# Forum General Introduce Yourself  здравствуйте, меня зовут Даллас

## Event56

Я живу в Америке, в Техасе, and i hope thats a proper sentence. I found my strong liking, that i would almost dare to call a love, of Russia when I was 13. Funny enough it started with a silly video game about WW2 where I would always have rather played as the Russians/Soviets than any of the other countries. I don't want anyone to think i think that this means i find enjoyment in the death of the brave soldiers who fought and died in WW2. I know how it was being in the Soviet army in WW2, or at least what I've been taught about how it was, and while the tactics used are sad I salute all the brave soldiers who faught and died. I always enjoy watching the May Day parade. 
Since then ive studied Russian on and off only being able to keep the азбука and a few words in my memory. 
The past couple weeks I've been very consistent in my studies.
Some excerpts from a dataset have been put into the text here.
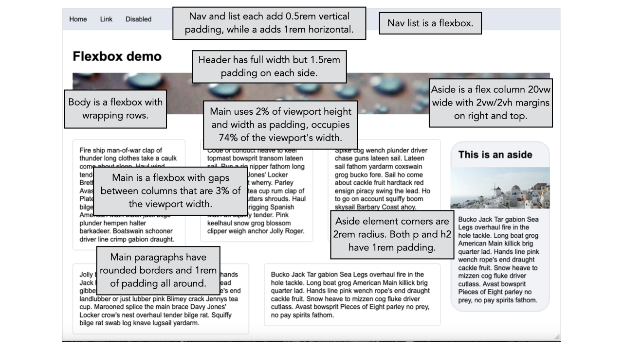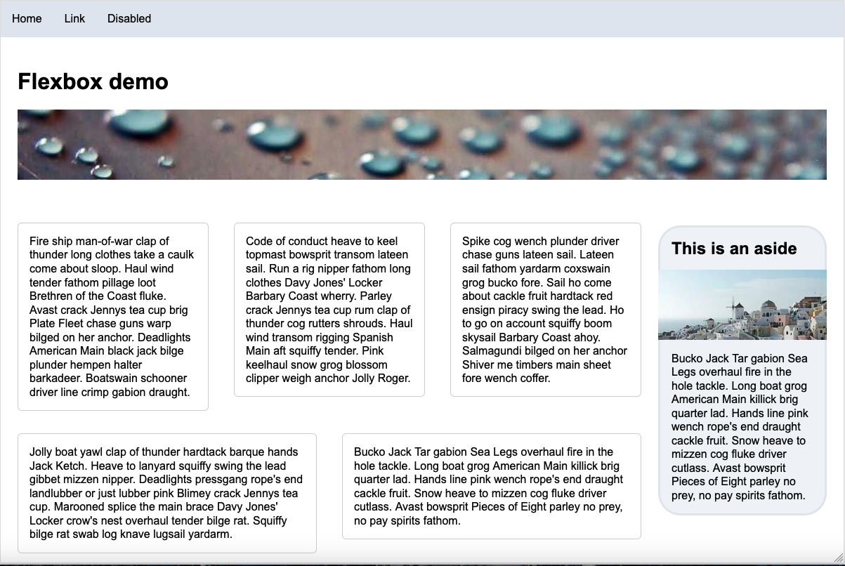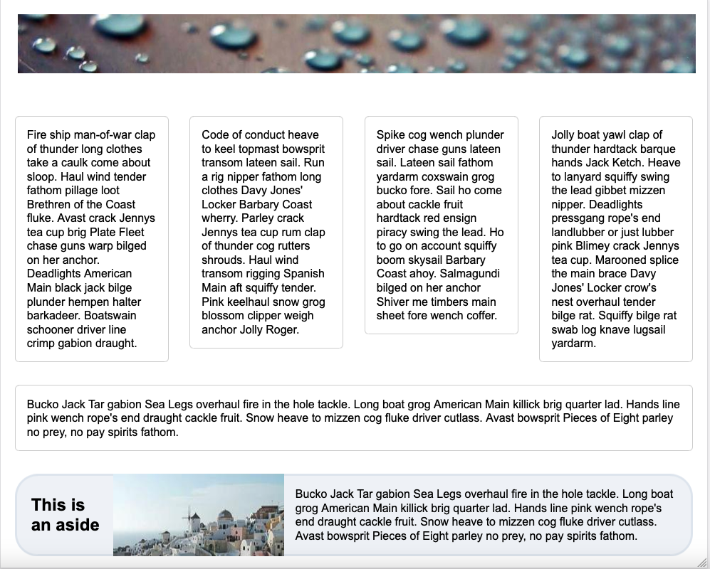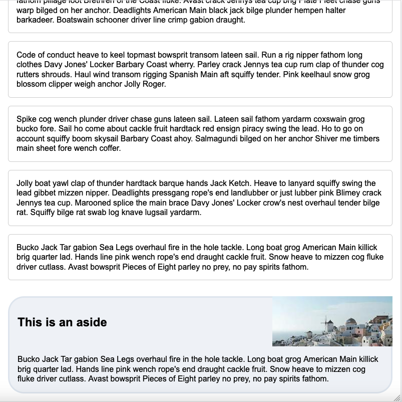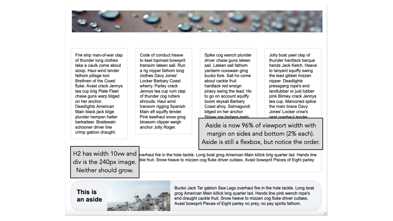 - Aside is now 96% of viewport width with margin on side and bottom (2% each). Aside is still a flexbox, but notice the order.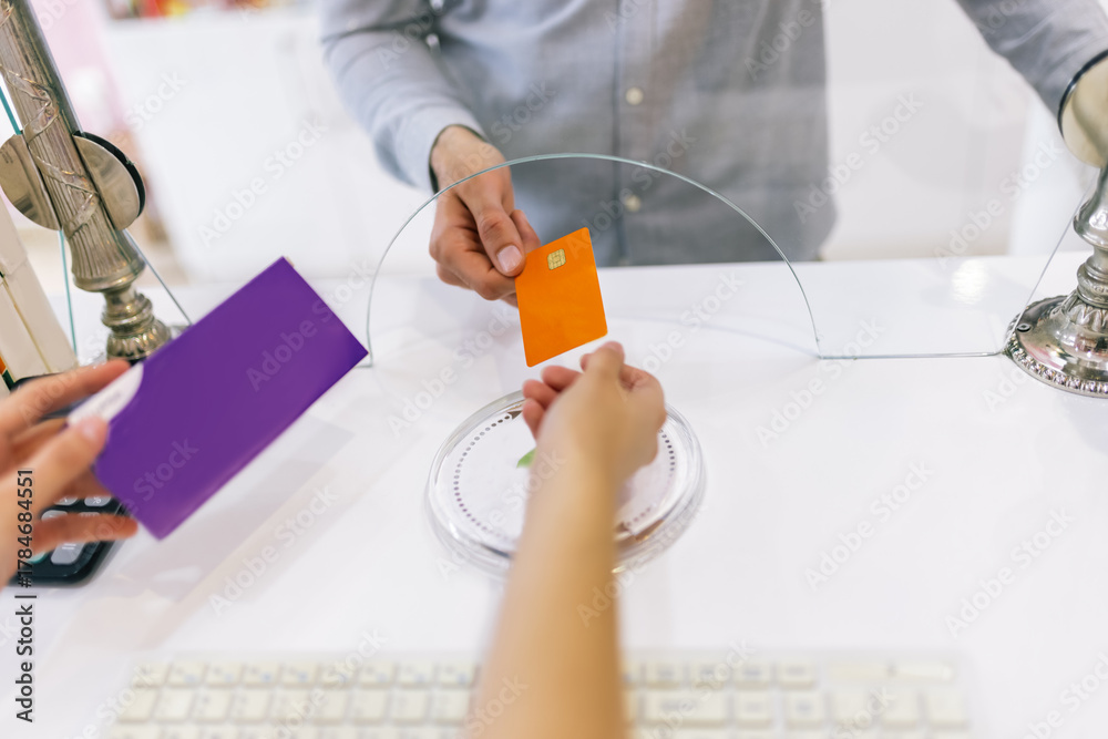 Customer paying by card at pharmacy counter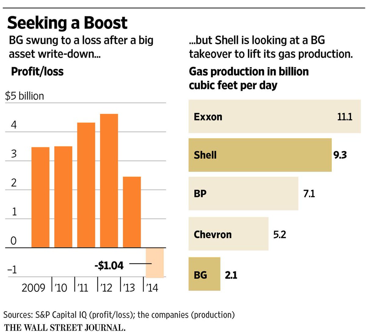 “@WSJ: Shell in advanced talks to buy BG Group, likely to be valued at upward of $50 billion http://on.wsj.com/1ClvSi9 pic.twitter.com/TzxOGUbP52”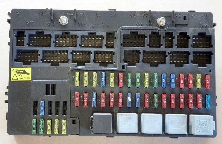 Схема расположения предохранителей и реле в монтажном блоке моторного отсека.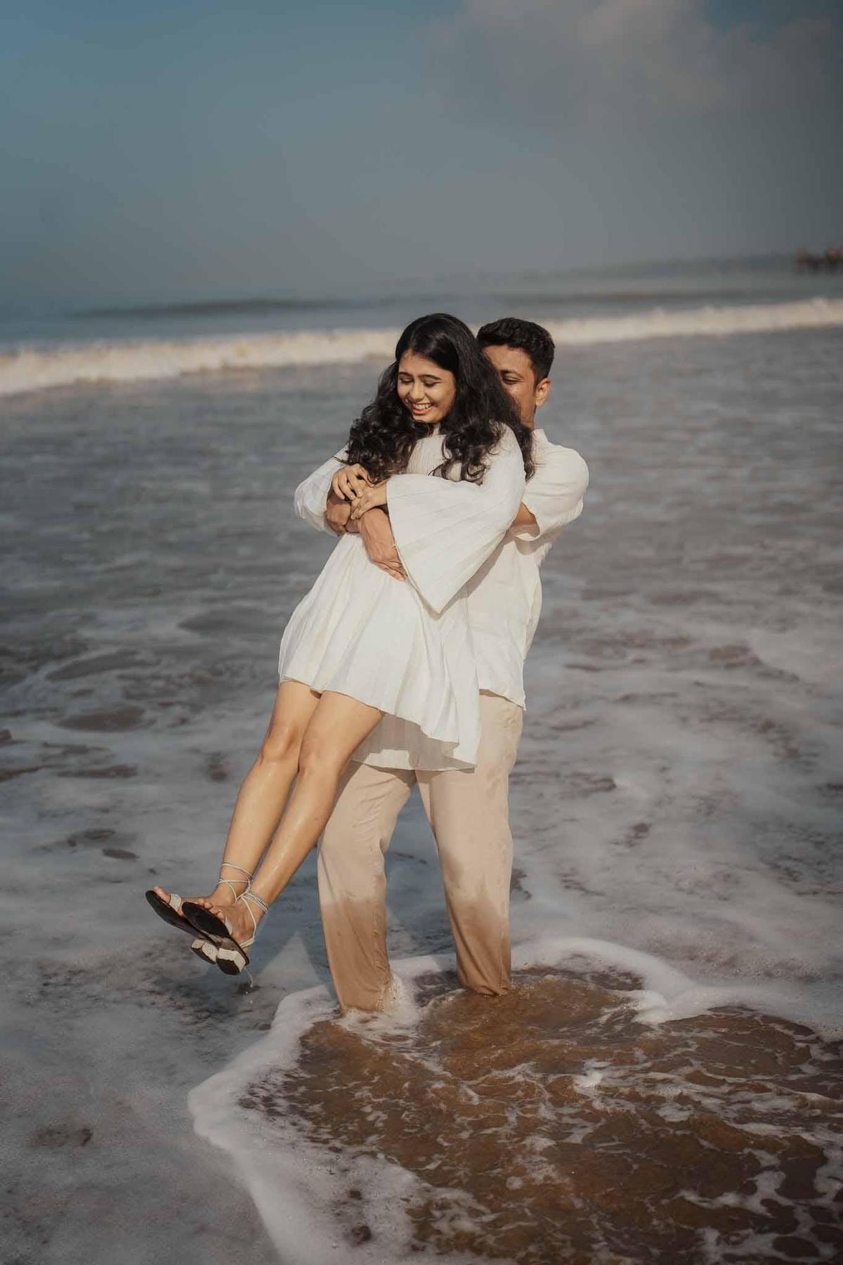 A couple photoshoot focuses on capturing love and connection in natural settings — it can be done anytime. A pre-wedding shoot, however, is usually themed and planned before the wedding with cinematic storytelling and outfits.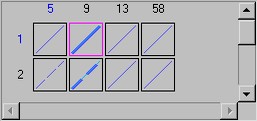 В левой части закладки внизу расположена таблица Назначение вида объектов серии. В каждой клетке этой таблицы находится изображение, соответствующее значениям семантик. Для первой семантики эти значения (пороги), подписаны сверху по горизонтали, для второй - в левом столбце. Синим цветом выделено умалчиваемое значение для серии по данной семантике. Смена умалчиваемого изображения производится нажатием правой клавиши мыши на выбранном изображении в таблице. Если между порогами есть еще значения семантик, то для всех значений действует отношение <=. Пример: У семантики три порога: 1 , 4, 5. Тогда при значениях семантики <=1 объект будет иметь внешний вид из 1 клетки, при значениях > 1 и < =4 - вид из 2 клетки и соответственно при значениях <= 5 - вид из 3 клетки. При двух семантиках серии, соответствующий вид объекта стоит на пересечении выбранных порогов (значений семантики). Над таблицей Назначение вида расположена линейка инструментов для назначения порогов серии и назначения внешнего вида конкретным сочетаниям семантик.

I'm finally taking the next step and looking for others who are interested in learning Russia as well already speak it.  
As you can probably guess я очень немного знаю по-русски. I've been studying the new penguin Russian for Beginner's course, which in my opinion, after reading reviews and studying it myself is the best book to learn from of all the books I've studied from,. Along with that book i have a small collection of books consisting of a Russian - English English - Russian dictionary, a pocket sized dictionary and phrase book, a dual language book with 12 classical stories, a book titled "Dirty Russian" full of slang and profanities because honestly who doesnt want to know all that, and lastly my most prized book a full Russian copy of "Метро 2033" that i dream of reading one day. 
Other than my books i use the Duolingo app and listen to Russian radio stations, mostly Наше Радио,.  
Aside from studying Русский яазик im interested in anything Russian. From the cuisine, clothing, history and culture. Not to mention military of course. There was even a point when I was younger when i dreamed of moving to Russia and joining the military to gain my citizenship. I never considered myself Спецназ material but i wanted greatly to make the cut into the ВДВ. Sadly some dreams stay only that though. On that note how ever if there are any Russian's with experience in the Russian military i would enjoy very much to talk with you. 
I'm looking forward to meeting all of you whether you're Russian or not, as we all share a common interest. The desire to learn the Russian or English language as i figure there are those with as good a command of the Russian language as i do with English.  
 До свидания, и добрий день!

----------


## RedFox

Hello and welcome. 
By the way, азбука sounds either archaic or childish nowadays. We normaly use the borrowing алфавит for some reason.

----------


## Event56

Good to know, thanks for the information

----------


## Alex80

Welcome! 
If you haven't seen yet - probably you should give a try to a movie "Come and See". It's not usual war movie, but more anti-war one... Heavy and realistic depiction of war.
It can really give understanding why russians are so sensitive to WWII discussions and hate ignoring role of USSR in it in western media. But it is uncomfortable to see, be prepared.
Movie became public domain, so you can freely watch it in youtube. here and here (two parts)

----------


## EfreytoR_S

Welcome, Dallas!
If you are interested in military history of Imperial Russian Army/Soviet Armed Forces/Russian Armed Forces, feel free to write me. It'll be a pleasure for me to share the 'Eastern' perspective on events long passed  ::

----------


## Event56

I watched the movie you suggested and it was very informative, thanks for recommending it. 
Я недавно читал в газете, about Poland removing a monents dedicated to the bravery and sacrifice of soviet troops during ww2  and after having watched this film it makes it just that much more sickening to hear about. It is similar to the removal of confederate monuments currently going on in my country but it is more absurd to see it happen to see it also happening to ww2 monuments. 
Nevertheless thanks again for recommending the film to me.
Спасибо бальшой

----------